Dalam sebuah talkshow di Alif TV tahun 2012, saya sampaikan bahwa ketimpangan sosial dapat diberantas dengan tindakan afirmatif Presiden dan semua tim pemerintahnya yang berkuasa, setidaknya dalam lingkup agenda:
a. Kebijakan perpajakan yang lebih progresif, yang lebih berpihak bukan kepada orang kaya di tanah air;
b. Kebijakan alokasi kredit perbankan nasional yang lebih inklusif, lebih menjangkau masyarakat banyak;
c. Tata ulang kepemilikan tanah yang saat ini terkonsentrasi hanya di sebagian kecil rakyat Indonesia yang kaya;
d. Pemerataan akses dan pemerataan mutu pelayanan (non diskriminatif) untuk pendidikan dan kesehatan;
e. Pembangunan infrastruktur fisik yang dapat dinikmati oleh sebagian besar masyarakat, dan bukan hanya oleh kalangan bisnis dan pemilik modal.

 

Tentu kita membutuhkan diskusi diskusi lanjutan yang lebih operasional untuk menjadikan 5 tindakan afirmatif tersebut diatas menjadi realistis untuk dieksekusi.
Pada intinya pergantian rezim politik setiap 5 tahun di tanah air tidak diikuti oleh pergantian paradigma haluan bernegara. Seperti iklan teh botol, siapapun presidennya, tetap liberalisme yang menjadi paradigma haluan negara, walau liberalisme terbukti gagal mewujudkan amanah konstitusi.

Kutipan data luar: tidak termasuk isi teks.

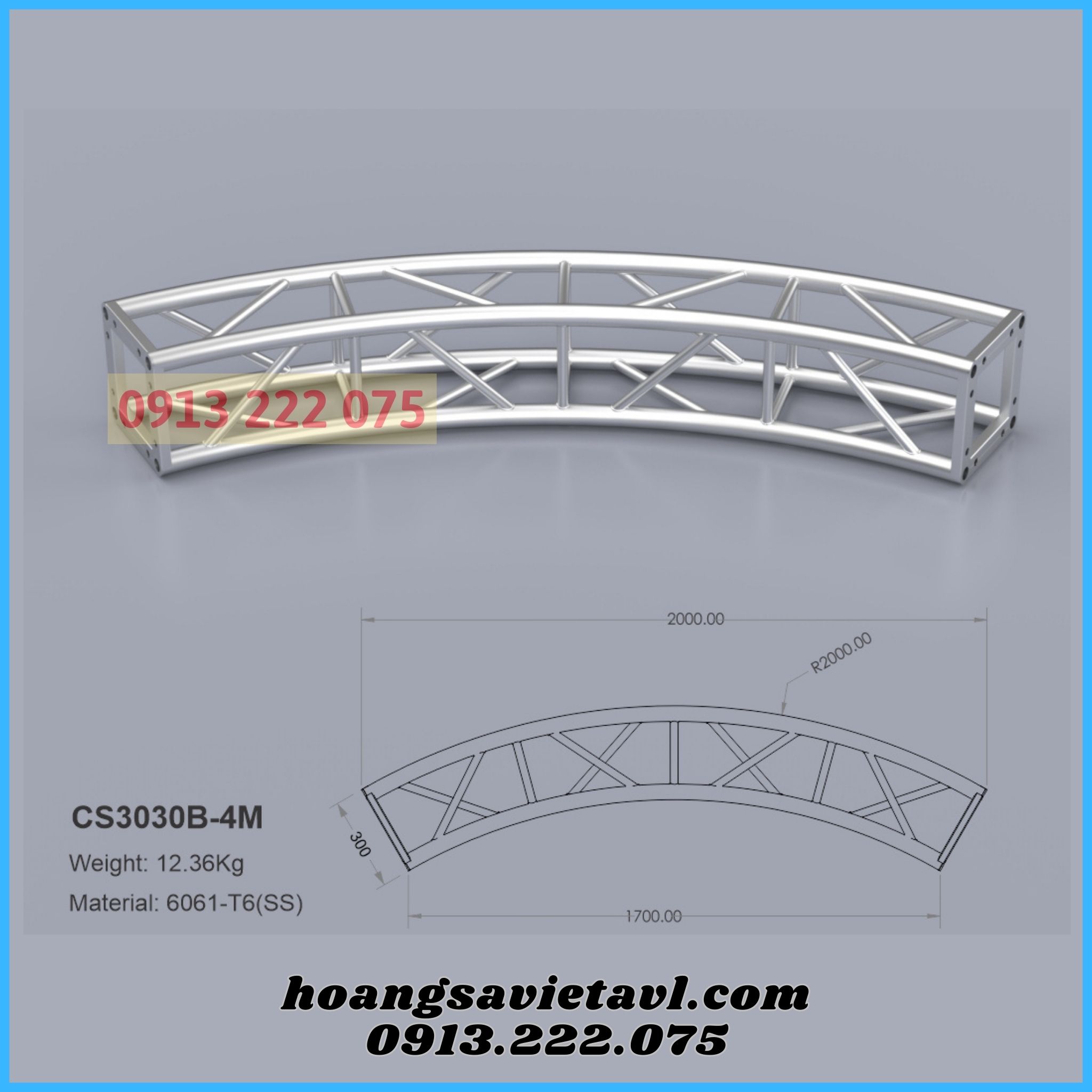 Thông số kỹ thuật Khung Truss Nhôm Cong 300x300mm bắt ốc DA3030B45_R2

Kondisi Indonesia sudah mendesak membutuhkan alternatif paradigma haluan negara selain liberalisme yang lebih sesuai dengan api dan ruh Pancasila. Paradigma yang dapat menata ulang relasi Negara-Pasar, relasi Negara-Masyarakat Madani, serta relasi Individu-Kolektif Sosial dalam Masyarakat Madani.